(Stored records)
***
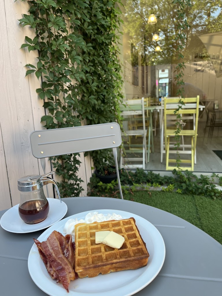 A hidden gem with beautiful back patio. The space is bright and airy and I love the decor. The crepes are also soooo good! The perfect amount of sweet and the staff are all very nice.
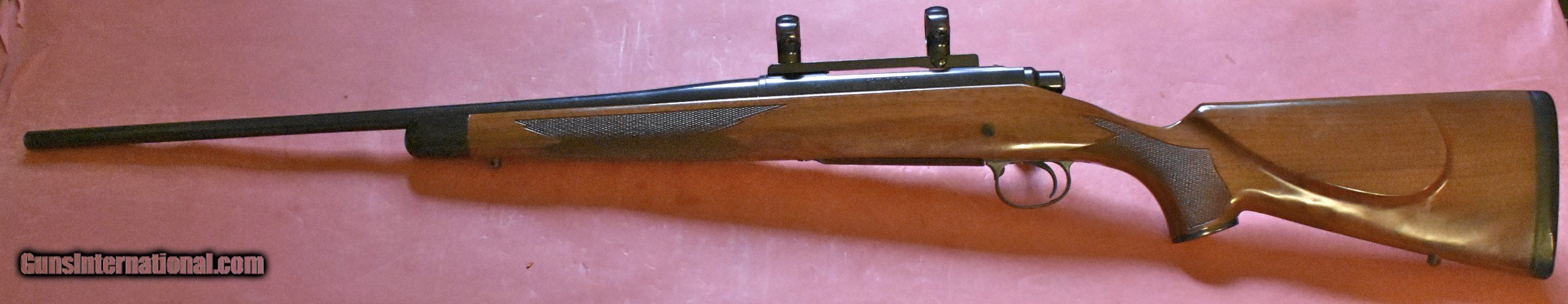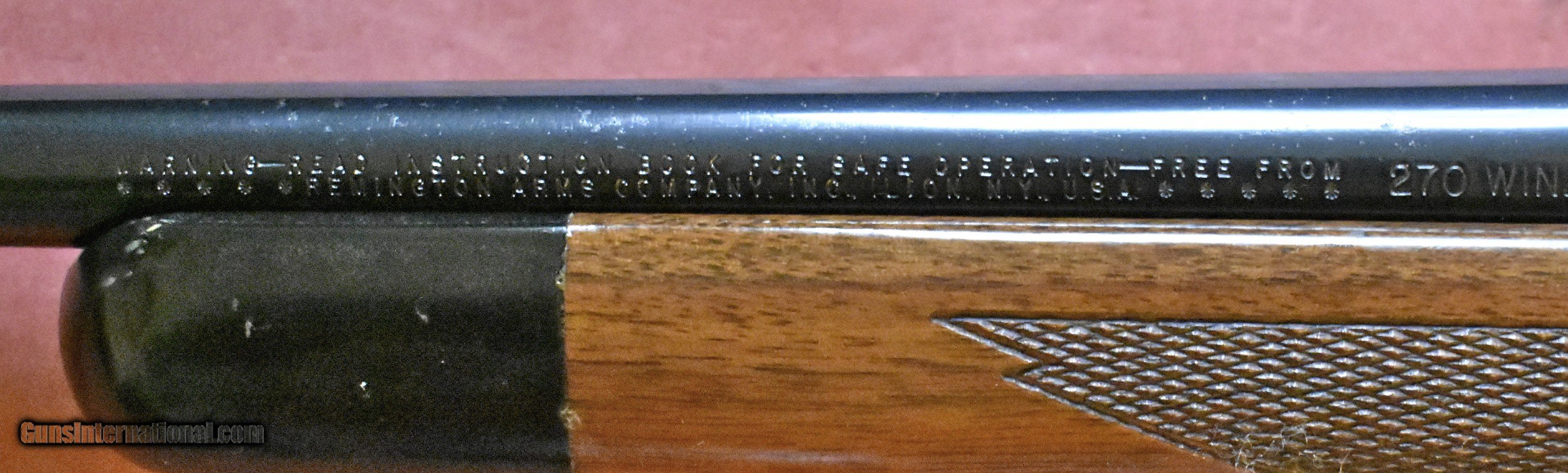 Description: Remington model 700 mountain rifle in 270 Win.Built in 1985,this rifle has the old style drop floorplate.The rifle is in mint all original condition.It retains 100% of the original blue and wood finish.The bore is mint and free of any rust or pitting.The stock is sound with no cracks or handling marks.This is a great lightweight all around big game rifle.this one has Redfield bases and 1" rings installed. Hard to find in this condition. SOLD Manufacturer: Remington Model: 700 Mountain rifle Serial Number: B6756383 Barrel Length: 22 Caliber Info: 270 Win Metal Condition: mint Wood Condition: mint Bore Condition: mint Action: bolt Manufacture Date: 1985 barrel code XF |
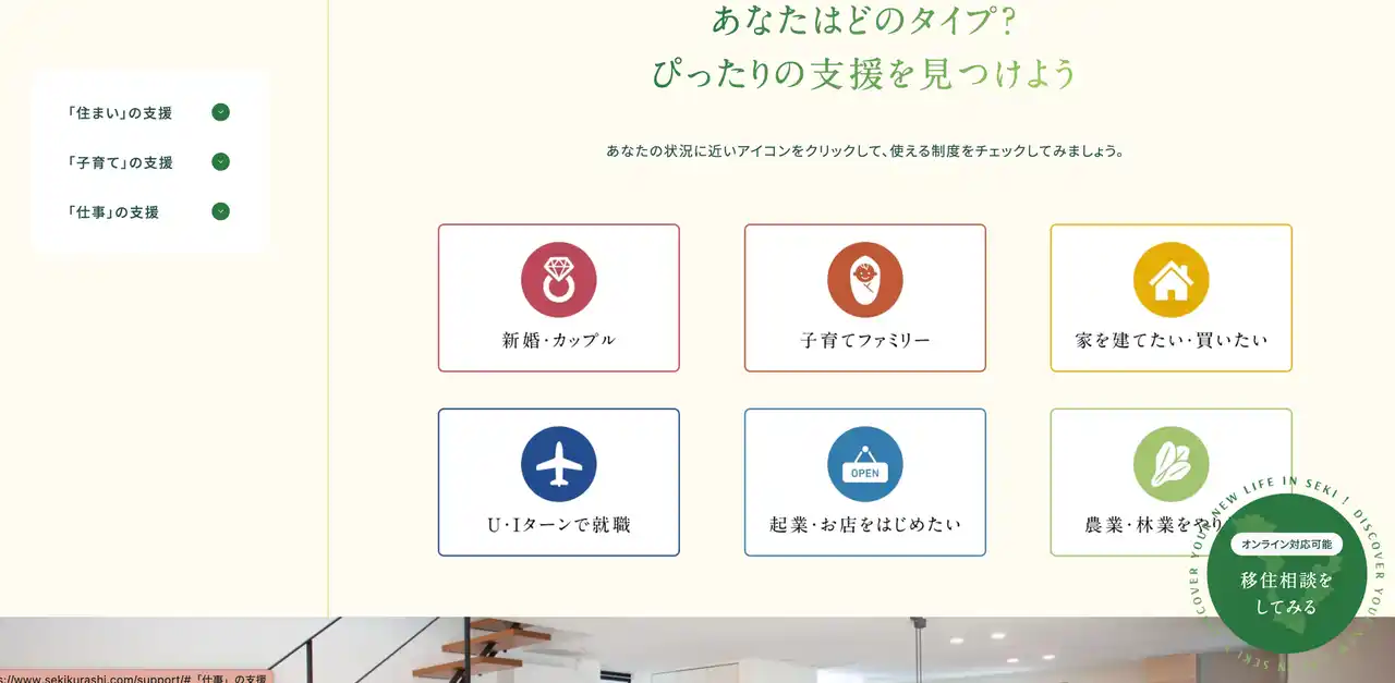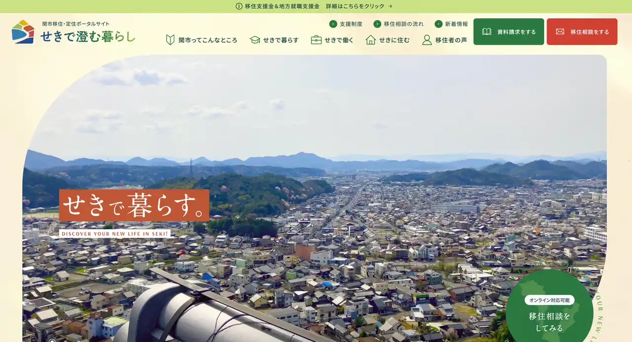岐阜県関市は、刃物の産地として世界的に知られる一方、豊かな清流や山々に囲まれた自然環境、円空仏や鵜飼などの歴史文化が息づくまちです。市は都市の利便性と地方の暮らしやすさを両立する環境を強みとしており、関市移住・定住ポータルサイトを通じて移住希望者への情報発信を行ってきました。今回、提案公募型プロポーザル審査によりサイト制作担当者として選定された当社が、ビジュアルデザインや情報構成を刷新。関市の魅力をもっと具体的に伝えるとともに、移住相談への導線を強化しました。 |
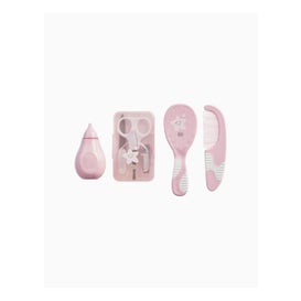 Conjunto de 7 acessórios especialmente concebidos para o cuidado e higiene dos mais pequenos. Contém um frasco conta-gotas, um aspirador nasal, um pente, uma escova de cerdas naturais, tesouras práticas, corta-unhas e quatro limas de unhas. Inclui um saco organizador para levar para todo o lado, com um tecido impermeável cor-de-rosa. Estes são produtos de longa duração feitos de materiais duráveis.
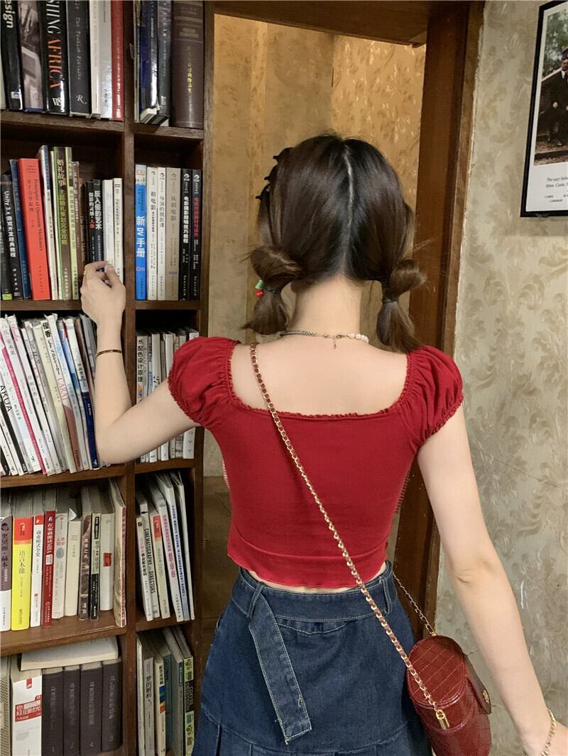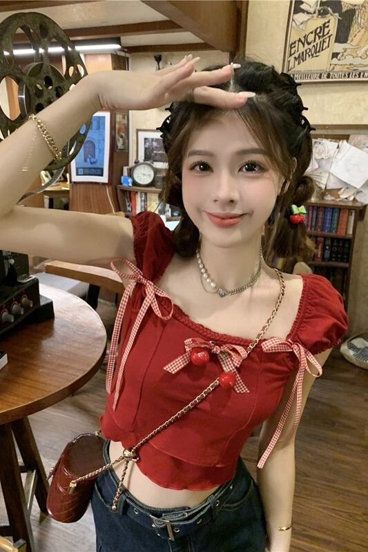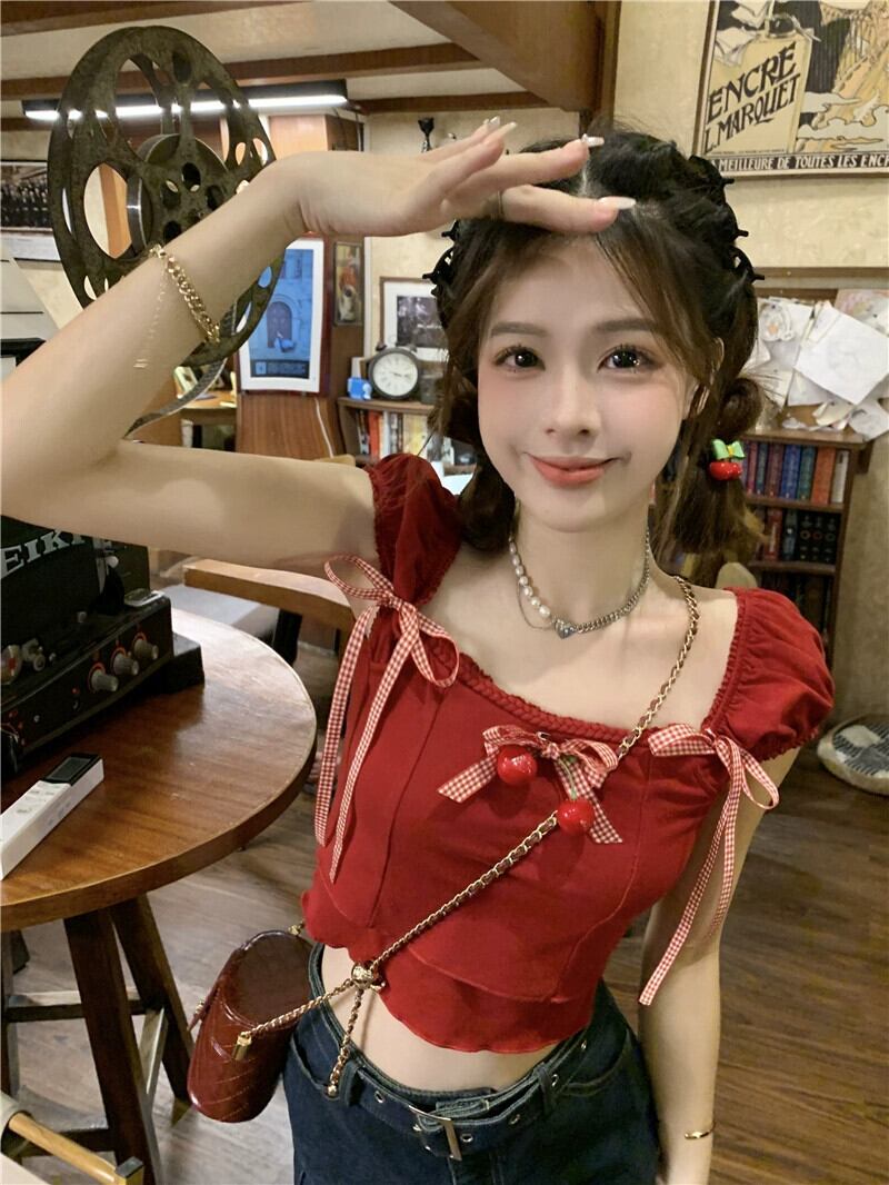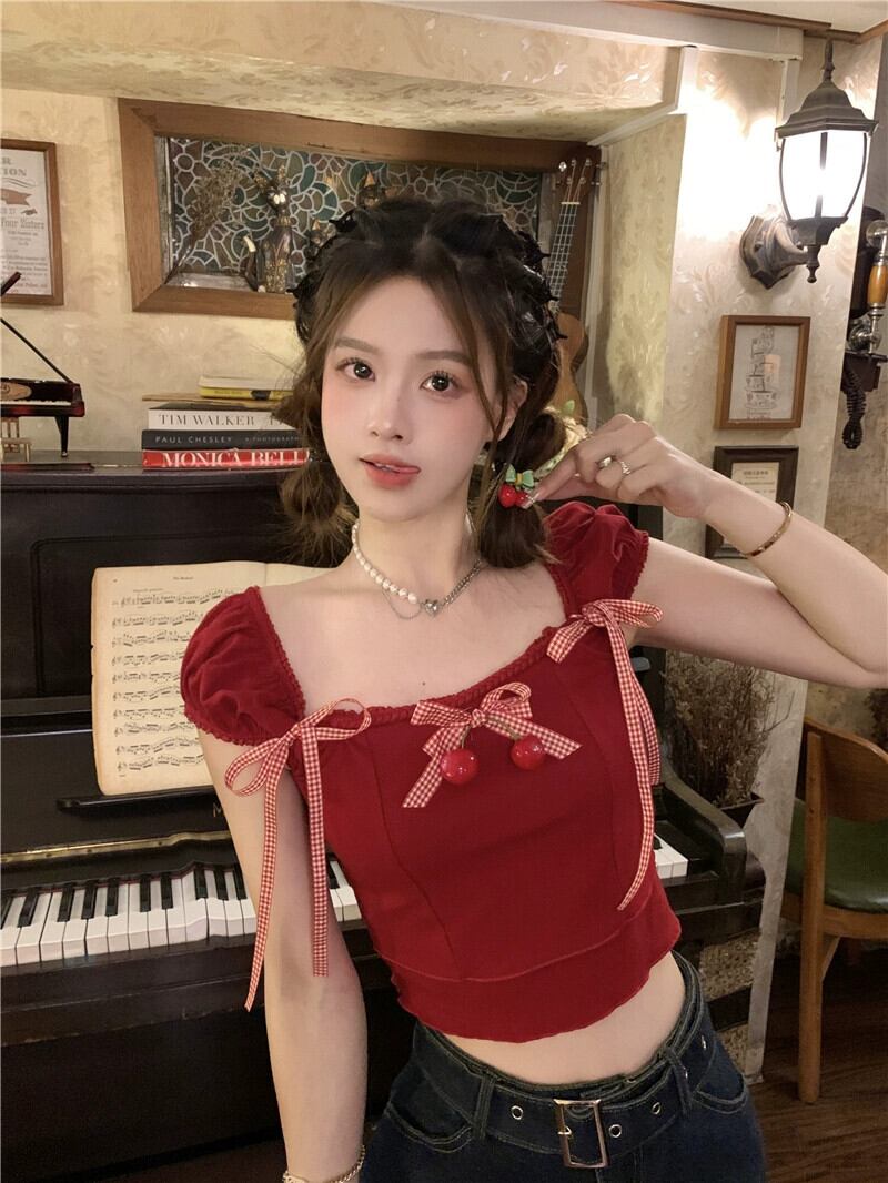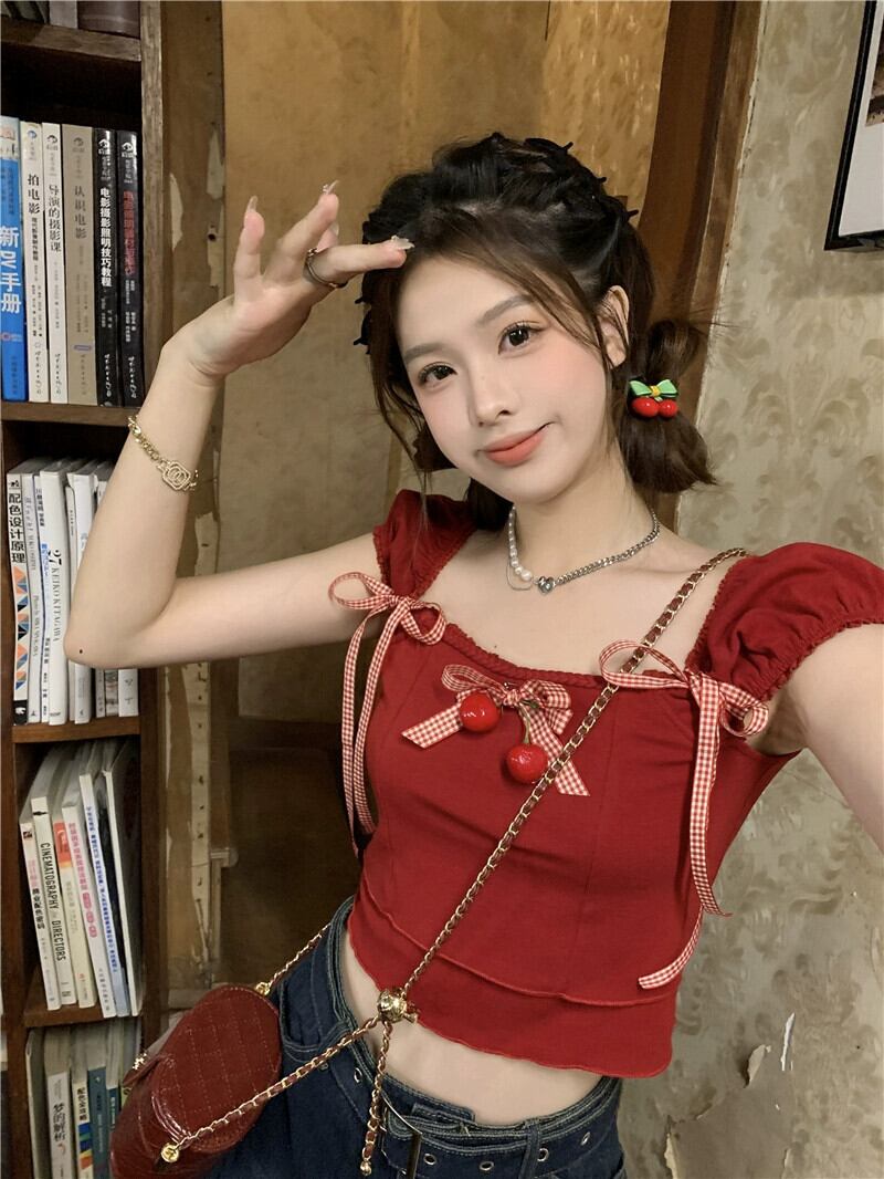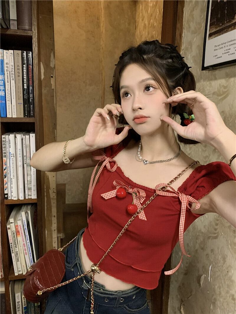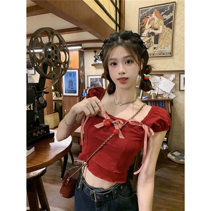 ドーパミンスイートシャツ女性の夏の2023新しいシックなチェリー蝶ネクタイショートセクションスリムトップトレンド リボン 大人ガーリー スウィート キュート カジュアル サマー 夏物 missk62877566267
***
- What you need to do: Nothing but the records, repeated exactly and stripped of pictures, should appear in the answer.

- Solution for this task:
 A hidden gem with beautiful back patio. The space is bright and airy and I love the decor. The crepes are also soooo good! The perfect amount of sweet and the staff are all very nice.
 Description: Remington model 700 mountain rifle in 270 Win.Built in 1985,this rifle has the old style drop floorplate.The rifle is in mint all original condition.It retains 100% of the original blue and wood finish.The bore is mint and free of any rust or pitting.The stock is sound with no cracks or handling marks.This is a great lightweight all around big game rifle.this one has Redfield bases and 1" rings installed. Hard to find in this condition. SOLD Manufacturer: Remington Model: 700 Mountain rifle Serial Number: B6756383 Barrel Length: 22 Caliber Info: 270 Win Metal Condition: mint Wood Condition: mint Bore Condition: mint Action: bolt Manufacture Date: 1985 barrel code XF |
岐阜県関市は、刃物の産地として世界的に知られる一方、豊かな清流や山々に囲まれた自然環境、円空仏や鵜飼などの歴史文化が息づくまちです。市は都市の利便性と地方の暮らしやすさを両立する環境を強みとしており、関市移住・定住ポータルサイトを通じて移住希望者への情報発信を行ってきました。今回、提案公募型プロポーザル審査によりサイト制作担当者として選定された当社が、ビジュアルデザインや情報構成を刷新。関市の魅力をもっと具体的に伝えるとともに、移住相談への導線を強化しました。 |
 Conjunto de 7 acessórios especialmente concebidos para o cuidado e higiene dos mais pequenos. Contém um frasco conta-gotas, um aspirador nasal, um pente, uma escova de cerdas naturais, tesouras práticas, corta-unhas e quatro limas de unhas. Inclui um saco organizador para levar para todo o lado, com um tecido impermeável cor-de-rosa. Estes são produtos de longa duração feitos de materiais duráveis.
 ドーパミンスイートシャツ女性の夏の2023新しいシックなチェリー蝶ネクタイショートセクションスリムトップトレンド リボン 大人ガーリー スウィート キュート カジュアル サマー 夏物 missk62877566267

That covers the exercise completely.